All of lore.kernel.org
 help / color / mirror / Atom feed
From: Yosry Ahmed <yosryahmed@google.com>
To: Dave Hansen <dave.hansen@intel.com>
Cc: Andrew Morton <akpm@linux-foundation.org>,
	Thomas Gleixner <tglx@linutronix.de>,
	 Ingo Molnar <mingo@redhat.com>, Borislav Petkov <bp@alien8.de>,
	Peter Zijlstra <peterz@infradead.org>,
	 Andy Lutomirski <luto@kernel.org>,
	"Kirill A. Shutemov" <kirill.shutemov@linux.intel.com>,
	x86@kernel.org,  linux-mm@kvack.org,
	linux-kernel@vger.kernel.org
Subject: Re: [RFC PATCH 1/3] x86/mm: fix LAM cr3 mask inconsistency during context switch
Date: Thu, 7 Mar 2024 20:42:18 +0000	[thread overview]
Message-ID: <ZeomquHvZs9-BKKK@google.com> (raw)
In-Reply-To: <ba8a51fe-7b22-46b1-be5f-1e4c837d085c@intel.com>

On Thu, Mar 07, 2024 at 09:36:58AM -0800, Dave Hansen wrote:
> I know we all have different rules, but any time you could spend absorbing:
> 
> 	https://www.kernel.org/doc/html/next/process/maintainer-tip.html

Thanks for the quick review and tips.

I didn't know this existed, I will take a look before respinning.

> 
> would be appreciated, especially:
> 
> > The condensed patch description in the subject line should start with
> > a uppercase letter and should be written in imperative tone.
> 
> 
> On 3/7/24 05:39, Yosry Ahmed wrote:
> > In switch_mm_irqs_off(), we read the 'mm->context.lam_cr3_mask' into
> > 'new_lam', which is later passed to load_new_mm_cr3().
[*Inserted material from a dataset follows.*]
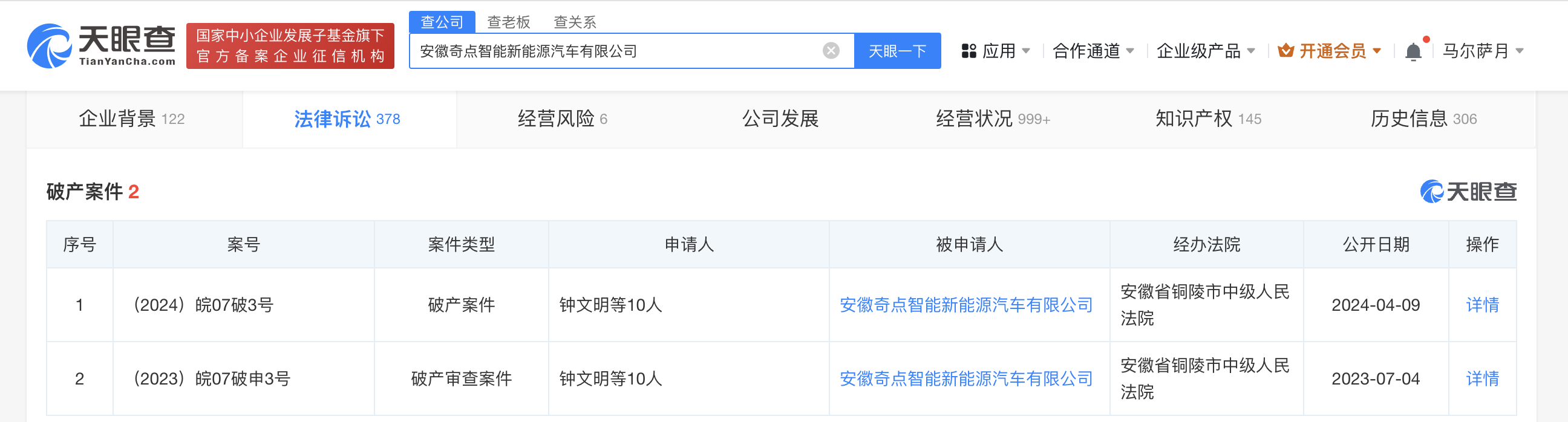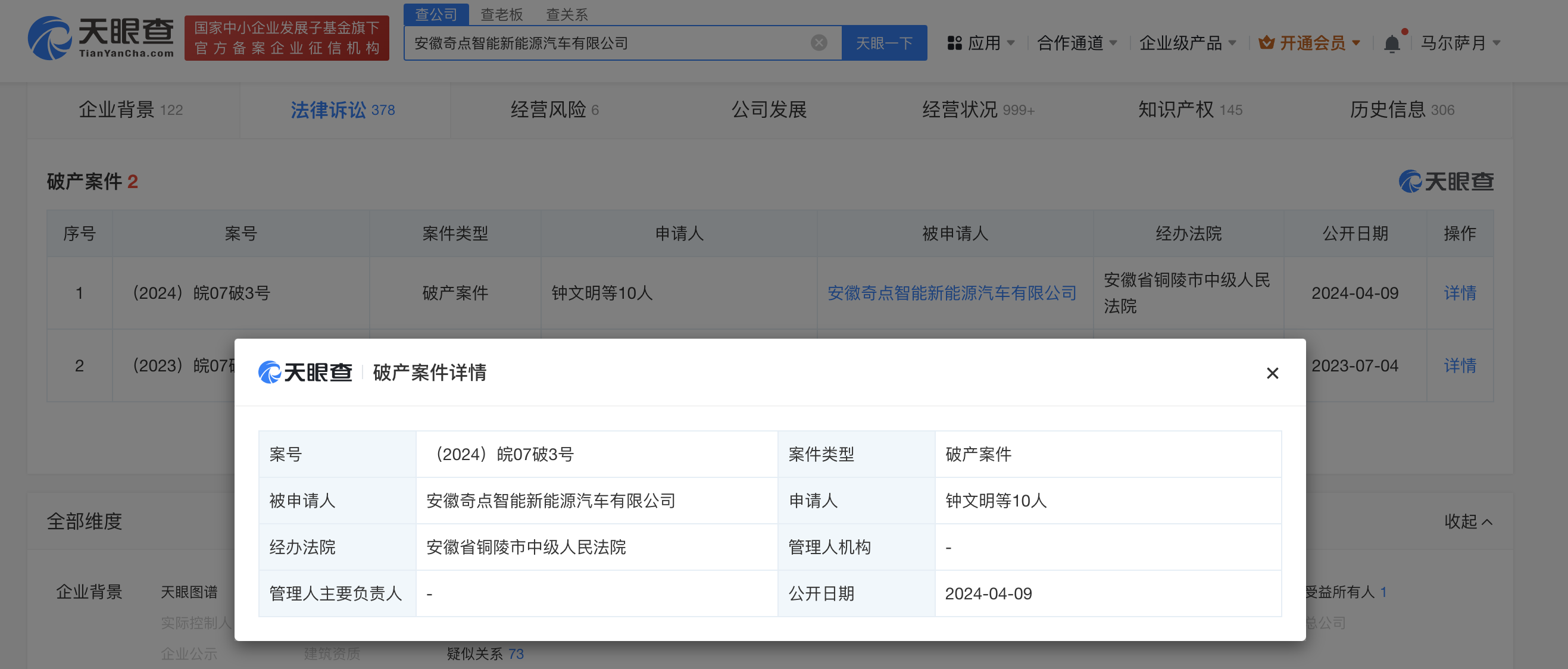 天眼查法律诉讼信息显示,4月9日,安徽奇点智能新能源汽车有限公司新增一则破产案件,申请人为钟文明等10人,经办法院为安徽省铜陵市中级人民法院。去年7月法院发布的公告显示,钟文明等10人向法院申请该公司破产清算,法院裁定受理此案。安徽奇点智能新能源汽车有限公司成立于2016年10月,法定代表人为徐军,注册资本13.5亿人民币。股东信息显示,该公司由奇点汽车关联公司智车优行科技(上海)有限公司、匠仁汽车科技(北京)有限公司共同持股。

However, there is
> > a call to set_tlbstate_lam_mode() in between which will read
> > 'mm->context.lam_cr3_mask' again and set 'cpu_tlbstate.lam' accordingly.
> > If we race with another thread updating 'mm->context.lam_cr3_mask', the
> > value in 'cpu_tlbstate.lam' could end up being different from CR3.
> 
> Your description is fine (modulo the we's).  But I slightly reworded it
> to make it more plainly readable:
> 
> LAM can only be enabled when a process is single-threaded.  But _kernel_
> threads can temporarily use a single-threaded process's mm.  That means
> that a context-switching kernel thread can race and observe the mm's LAM
> metadata (mm->context.lam_cr3_mask) change.
> 
> The context switch code does two logical things with that metadata:
> populate CR3 and populate 'cpu_tlbstate.lam'.  If it hits this race,
> 'cpu_tlbstate.lam' and CR3 can end up out of sync.
> 
> This de-synchronization is currently harmless.  But it is confusing and
> might lead to warnings or real bugs.

Thanks a lot! I will adopt your version moving forward :)

> 
> --
> 
> > Fix the problem by updating set_tlbstate_lam_mode() to return the LAM
> > mask that was set to 'cpu_tlbstate.lam', and use that mask in
> > switch_mm_irqs_off() when writing CR3. Use READ_ONCE to make sure we
> > read the mask once and use it consistenly.
> 
> Spell checking is also appreciated.

I did run checkpatch. Did it miss something?

> 
> ...
> > -static inline void set_tlbstate_lam_mode(struct mm_struct *mm)
> > +static inline unsigned long set_tlbstate_lam_mode(struct mm_struct *mm)
> >  {
> > -	this_cpu_write(cpu_tlbstate.lam,
> > -		       mm->context.lam_cr3_mask >> X86_CR3_LAM_U57_BIT);
> > +	unsigned long lam = READ_ONCE(mm->context.lam_cr3_mask);
> > +
> > +	this_cpu_write(cpu_tlbstate.lam, lam >> X86_CR3_LAM_U57_BIT);
> >  	this_cpu_write(tlbstate_untag_mask, mm->context.untag_mask);
> > +	return lam;
> >  }
> 
> The comments about races need to be _here_ so that the purpose of the
> READ_ONCE() is clear.
> 
> It would also be nice to call out the rule that this can only
> meaningfully be called once per context switch.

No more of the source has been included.